Вашали вскинул ружье.
– Оно не заряжено, – хотел я предупредить Вашали, но вспомнив его приказ не вмешиваться, остановился. К тому же незаряженное ружье на время гарантировало жизнь Мутушу. Каким бы мерзавцем он не был, но смерти его я не хотел.

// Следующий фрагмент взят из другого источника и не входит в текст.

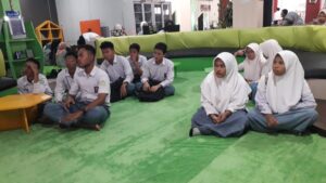 Setelah diputarkan video profil perpustakaan sebagai pengenalan awal tentang profil perpustakaan, selanjutnya meraka diajak keliling ke Lt.2 dan 3 dengan dipandu oleh temean-teman Komunitas pecinta pustaka(kocipus)  untuk dikenalkan tentang layanan yang ada di lt.2 dan 3. Pada sesi ini juga mereka diberi tugas oleh guru pendampinya dengan merisume buku-buku agama. Mereka sangat semangat dan atusias mengikuti kegiatan tersebut.

Как и предвидел дядя, на выстрел и крики прибежал сосед Косум.
– Что тут происходит? – спросил он меня шепотом, увидев Вашали с ружьем.
– Ничего особенного. Успа пришел убивать свиней.
– Понял, – сказал Косум и, пятясь назад, скрылся в темноте.
– Ты что-нибудь слышал? Видел? – бросил я ему в след.
– Не слышал, не видел, и, вообще, меня в эту ночь не было в ауле, – донесся из темноты уверенный голос Косума.
Мутуш взмолил о пощаде. Его причитания на горькую и несчастную жизнь были так выразительны, что пробудили в каменном сердце Вашали сострадание.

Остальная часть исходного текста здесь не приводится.